BEGIN The records
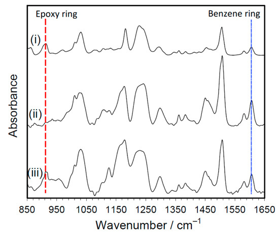 The quality of the cured (BADGE + PA + EM) adhesive by microwave heating and electric furnace heating was examined by attenuated total reflectance FT-IR spectroscopy. Note that the sample used in the FT-IR analysis was the cured adhesive sample obtained in Figure 1. The intensity of the peak at 913 cm−1 (dashed red vertical line in Figure 3), attributed to the epoxy ring of BADGE [12,13,14,15,16], decreased with microwave curing. In contrast, the intensity of the peak at 1605 cm−1 (dotted blue vertical line in Figure 3) derived from the benzene ring present in BADGE [16] showed relatively no changes. No IR peak of the epoxy ring was seen in the cured (BADGE + PA + EM) adhesive subsequent to microwave heating for 10 min, which confirmed the occurrence of complete crosslinking of BADGE (Figure 3i) [12,13,14,15,16]. On the other hand, the peak of the epoxy ring was still visible after a 20 min curing period by electric furnace heating (Figure 3iii), indicating incomplete curing. Clearly, the curing process was uneven when comparing the two curing methods.
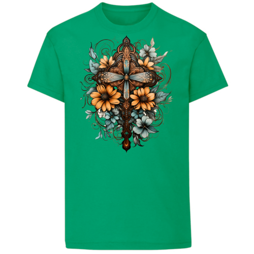 The standout feature of this T-shirt is the vibrant Christian Cross Floral Bouquet illustration. This unique design not only adds a pop of color but also conveys a meaningful message, making it a thoughtful gift for any occasion. The floral elements combined with the cross create a beautiful aesthetic that appeals to both children and parents alike.
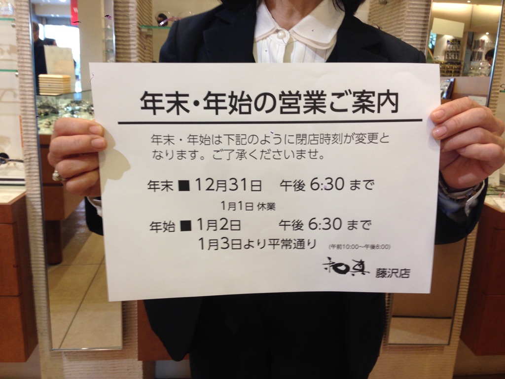 年末年始の藤沢店の営業時間をお伝えいたします。
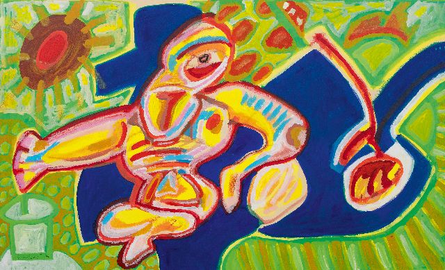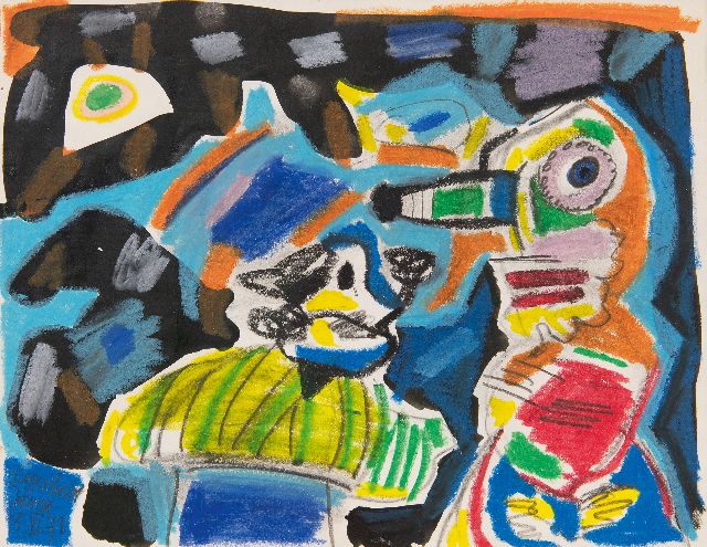 Lucebert was een experimenteel schilder-tekenaar-dichter en in die laatste hoedanigheid één van de hoofdfiguren van de CoBrA-beweging. Zijn werk wordt gekenmerkt door een grote vrijheid en spontaniteit. Hij schilderde wat er in hem opkwam, zonder zich te houden aan vaste motieven. Vanaf de jaren 50 bouwde hij zijn tekeningen en gouaches op uit stippels, lijnen en krassen, waar overheen de - bewust - onbeholpen vormen van lichamen van mensen en fantasiewezens werden geschilderd. Zijn sterk experimentele inslag bracht met zich mee dat Lucebert ook op veel andere gebieden actief was: hij fotografeerde, maakte keramiek, schreef toneelteksten en maakte monumentale wandschilderingen.
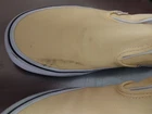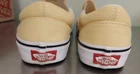 Van's Off the Wall Van's Classic Slip on Yellow Haze/ True White New in Box. Men's size 5.5 Women's size 7.0 These are so pretty! These came to me new in their box. Note: There are marks on the canvas on one shoe and the rubber on another. The good news is they can go right into the washer! No bleach! It would ruin the color! Please ask any questions before you buy, As I can no longer take returns on these shoes and boots. These could make a great gift! I have 5 more pairs of Vans in lots of sizes! ALWAYS FREE SHIPPING!
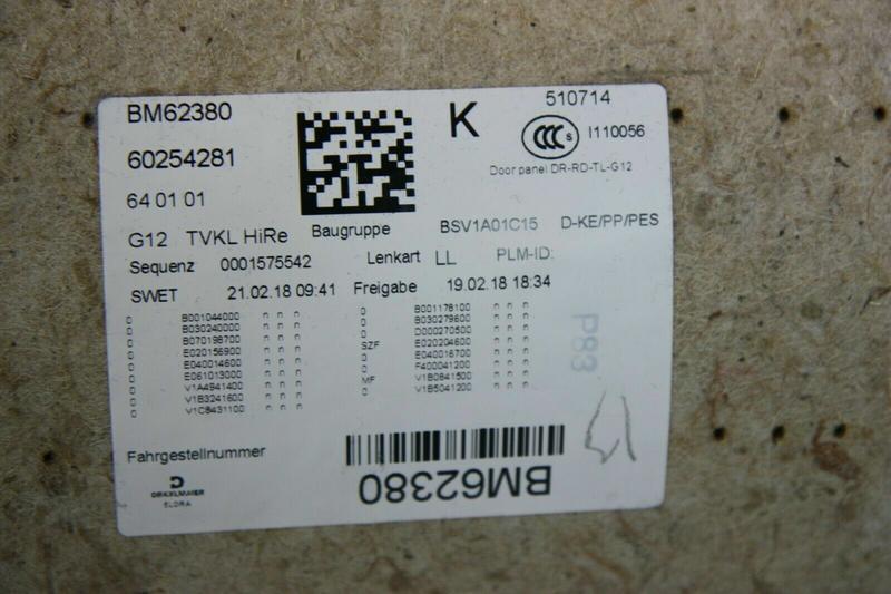 51427455055 Tapizado puerta trasera BMW 7 Series G12, 7 Series G12 LCI
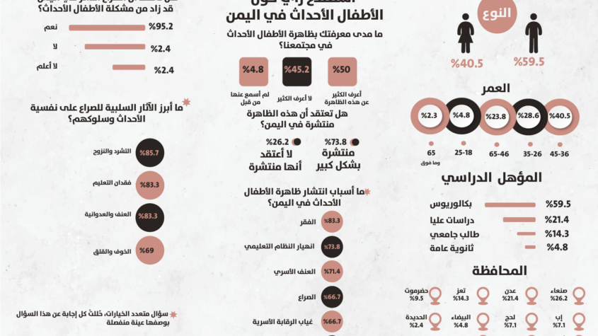 على إثر هذا كله قامت وحدة المعلومات واستطلاع الرأي في يمن إنفورميشن سنتر بعمل استطلاع رأي بشأن (الأطفال الأحداث في اليمن) لدراسة آراء عينة من المجتمع اليمني بشأن المعاناة التي يعيشها أطفال الأحداث في اليمن في ظل استمرار الصراع والأزمة الإنسانية.
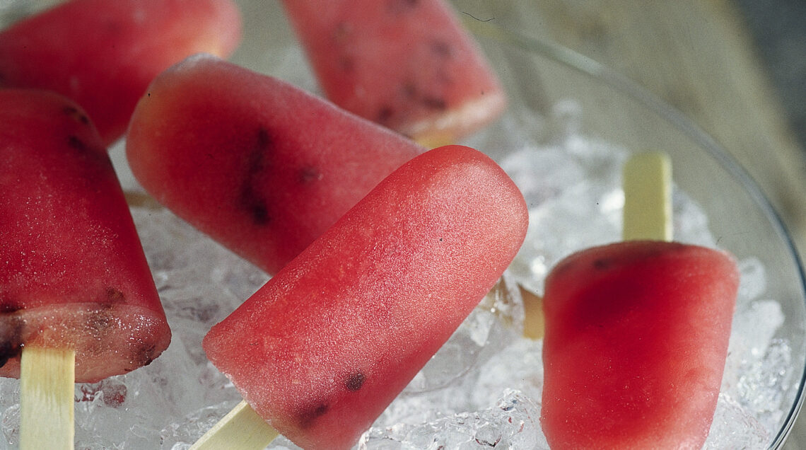 2) Versa il composto di anguria e cioccolato in 6 bicchierini da liquore alti e stretti, infilando in ciascuno un bastoncino di legno al centro (naturalmente, se preferisci, puoi anche usare le apposite formine per ghiaccioli), rimetti i ghiaccioli all'anguria e cioccolato in freezer e toglili soltanto al momento di servirli.
END The records
Task prompt:
Set down the entries shown above once more, exactly as they read, but without pictures.

Written response:
 The quality of the cured (BADGE + PA + EM) adhesive by microwave heating and electric furnace heating was examined by attenuated total reflectance FT-IR spectroscopy. Note that the sample used in the FT-IR analysis was the cured adhesive sample obtained in Figure 1. The intensity of the peak at 913 cm−1 (dashed red vertical line in Figure 3), attributed to the epoxy ring of BADGE [12,13,14,15,16], decreased with microwave curing. In contrast, the intensity of the peak at 1605 cm−1 (dotted blue vertical line in Figure 3) derived from the benzene ring present in BADGE [16] showed relatively no changes. No IR peak of the epoxy ring was seen in the cured (BADGE + PA + EM) adhesive subsequent to microwave heating for 10 min, which confirmed the occurrence of complete crosslinking of BADGE (Figure 3i) [12,13,14,15,16]. On the other hand, the peak of the epoxy ring was still visible after a 20 min curing period by electric furnace heating (Figure 3iii), indicating incomplete curing. Clearly, the curing process was uneven when comparing the two curing methods.
 The standout feature of this T-shirt is the vibrant Christian Cross Floral Bouquet illustration. This unique design not only adds a pop of color but also conveys a meaningful message, making it a thoughtful gift for any occasion. The floral elements combined with the cross create a beautiful aesthetic that appeals to both children and parents alike.
 年末年始の藤沢店の営業時間をお伝えいたします。
 Lucebert was een experimenteel schilder-tekenaar-dichter en in die laatste hoedanigheid één van de hoofdfiguren van de CoBrA-beweging. Zijn werk wordt gekenmerkt door een grote vrijheid en spontaniteit. Hij schilderde wat er in hem opkwam, zonder zich te houden aan vaste motieven. Vanaf de jaren 50 bouwde hij zijn tekeningen en gouaches op uit stippels, lijnen en krassen, waar overheen de - bewust - onbeholpen vormen van lichamen van mensen en fantasiewezens werden geschilderd. Zijn sterk experimentele inslag bracht met zich mee dat Lucebert ook op veel andere gebieden actief was: hij fotografeerde, maakte keramiek, schreef toneelteksten en maakte monumentale wandschilderingen.
 Van's Off the Wall Van's Classic Slip on Yellow Haze/ True White New in Box. Men's size 5.5 Women's size 7.0 These are so pretty! These came to me new in their box. Note: There are marks on the canvas on one shoe and the rubber on another. The good news is they can go right into the washer! No bleach! It would ruin the color! Please ask any questions before you buy, As I can no longer take returns on these shoes and boots. These could make a great gift! I have 5 more pairs of Vans in lots of sizes! ALWAYS FREE SHIPPING!
 51427455055 Tapizado puerta trasera BMW 7 Series G12, 7 Series G12 LCI
 على إثر هذا كله قامت وحدة المعلومات واستطلاع الرأي في يمن إنفورميشن سنتر بعمل استطلاع رأي بشأن (الأطفال الأحداث في اليمن) لدراسة آراء عينة من المجتمع اليمني بشأن المعاناة التي يعيشها أطفال الأحداث في اليمن في ظل استمرار الصراع والأزمة الإنسانية.
 2) Versa il composto di anguria e cioccolato in 6 bicchierini da liquore alti e stretti, infilando in ciascuno un bastoncino di legno al centro (naturalmente, se preferisci, puoi anche usare le apposite formine per ghiaccioli), rimetti i ghiaccioli all'anguria e cioccolato in freezer e toglili soltanto al momento di servirli.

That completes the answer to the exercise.